Recorded information:
++++++++++++++++++++

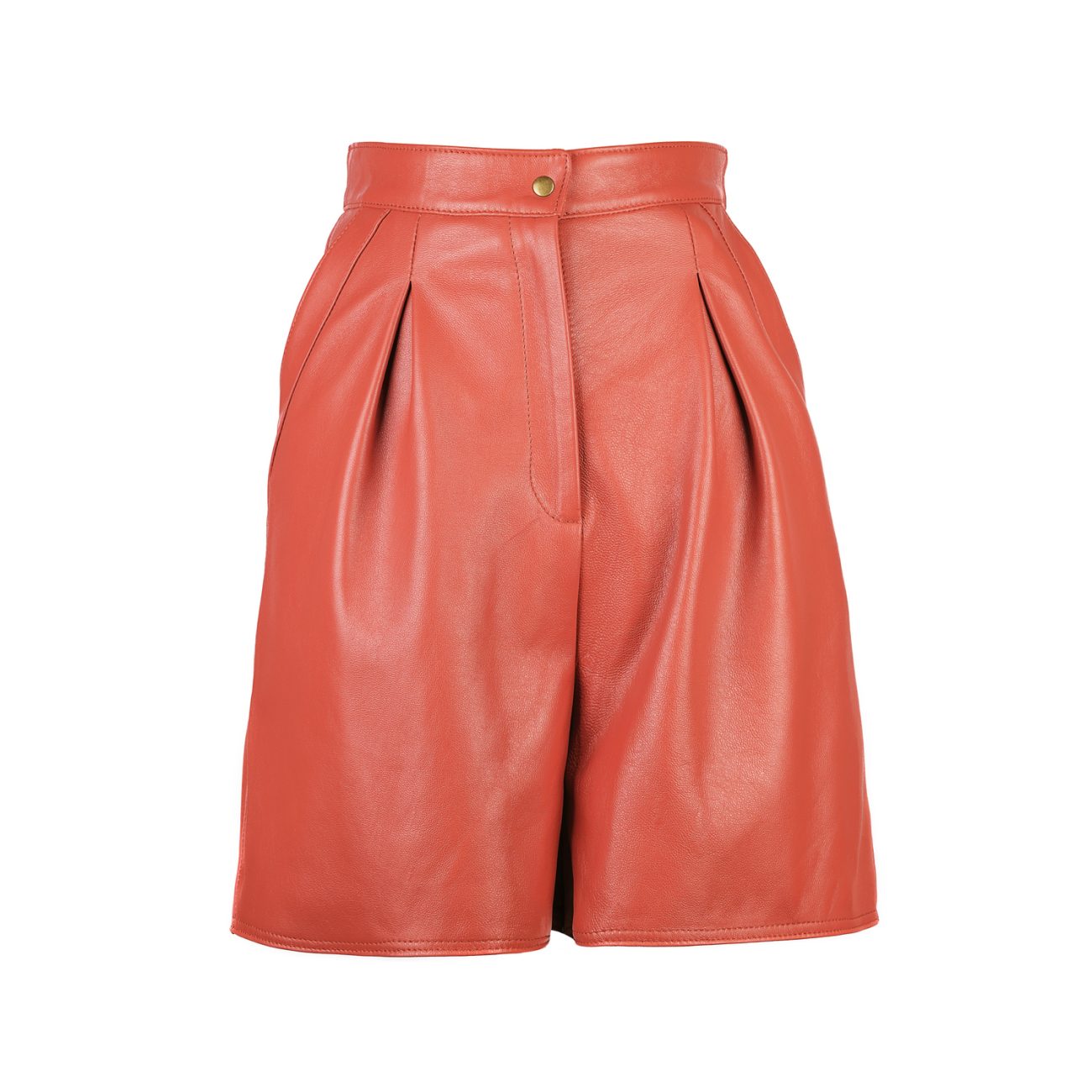 Pantaloni scurți din piele naturală coral, cu talie înaltă.
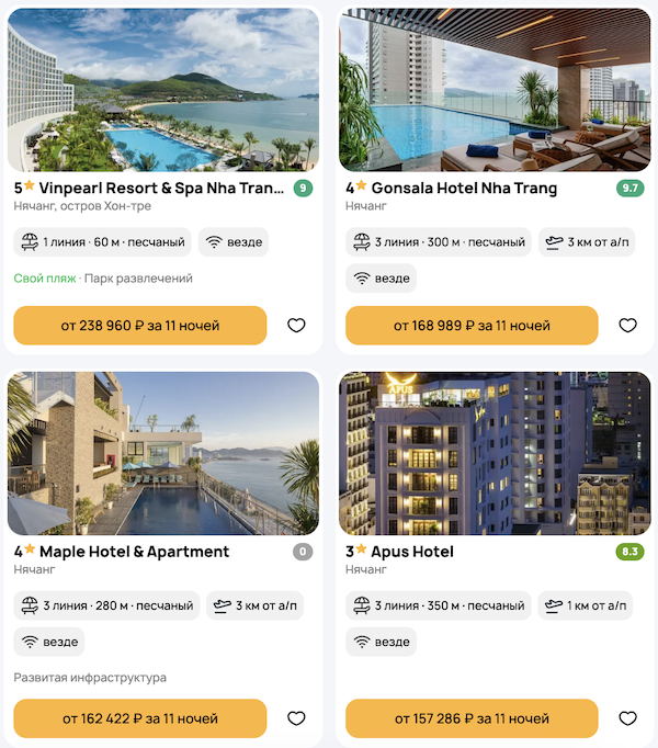 Стоимость в примерах указана за одного человека при условии поездки вдвоем. Стоимость туров для 1 человека можно посмотреть здесь или на странице отелей, изменив количество туристов.
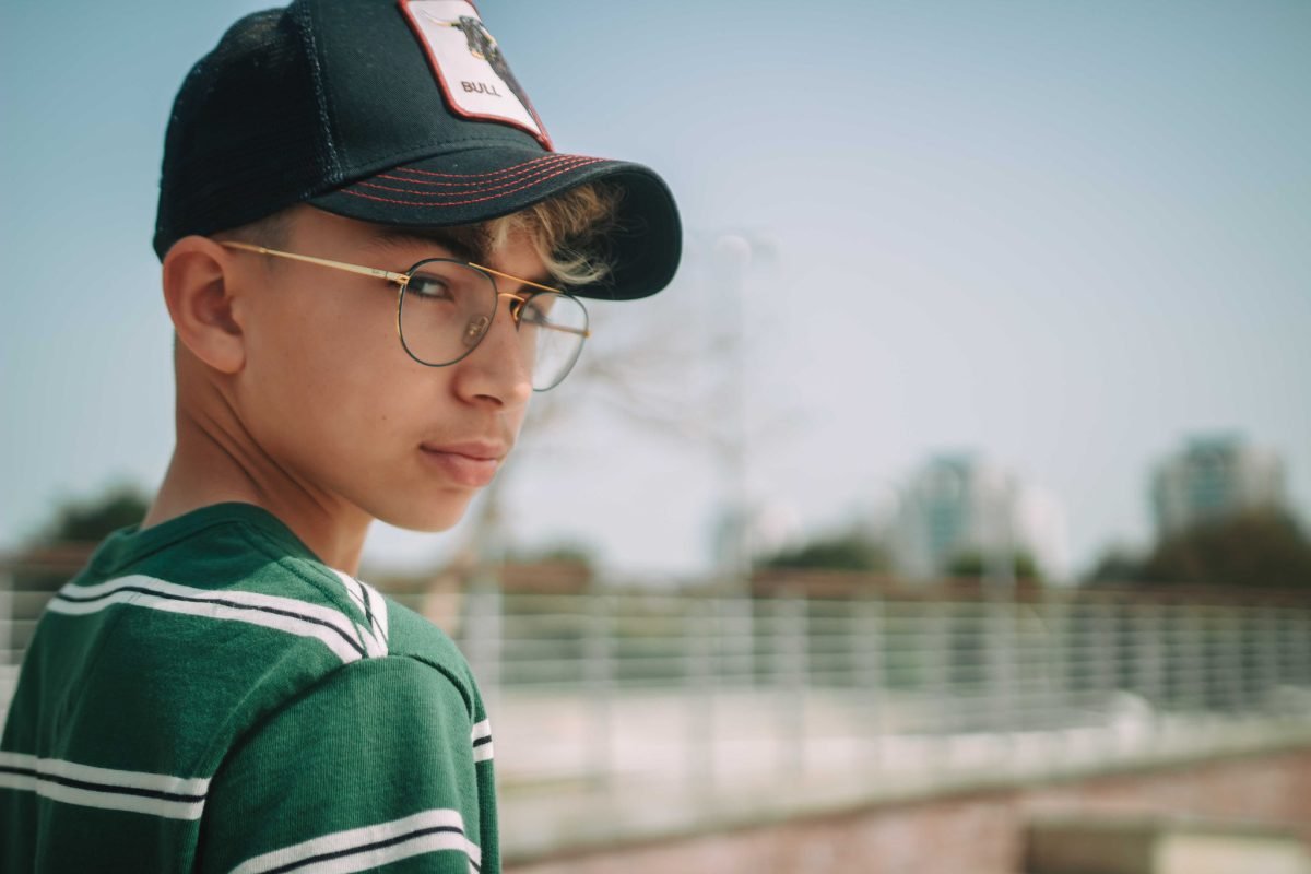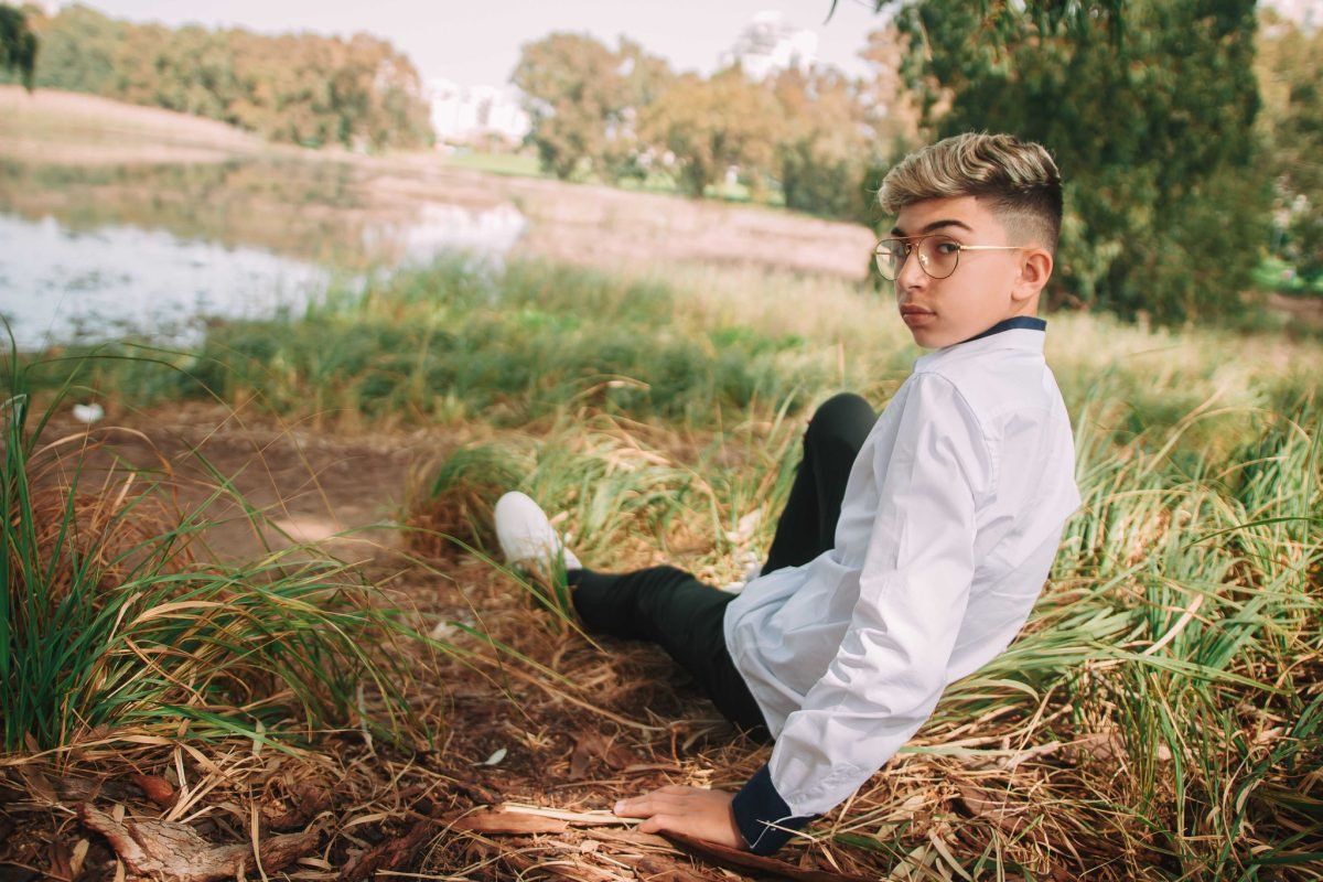 הנער שוכב על השרכים ואני מצלם ממבט של ציפור- צילום תקריב מלמעלה, תופס את מבט עיניו מבעד למשקפיים, תופס את החיבור בין הטבע והגוף

++++++++++++++++++++

What is required:
Copy out nothing but text: transcribe the listing exactly and skip each picture.

Answer:
 Pantaloni scurți din piele naturală coral, cu talie înaltă.
 Стоимость в примерах указана за одного человека при условии поездки вдвоем. Стоимость туров для 1 человека можно посмотреть здесь или на странице отелей, изменив количество туристов.
 הנער שוכב על השרכים ואני מצלם ממבט של ציפור- צילום תקריב מלמעלה, תופס את מבט עיניו מבעד למשקפיים, תופס את החיבור בין הטבע והגוף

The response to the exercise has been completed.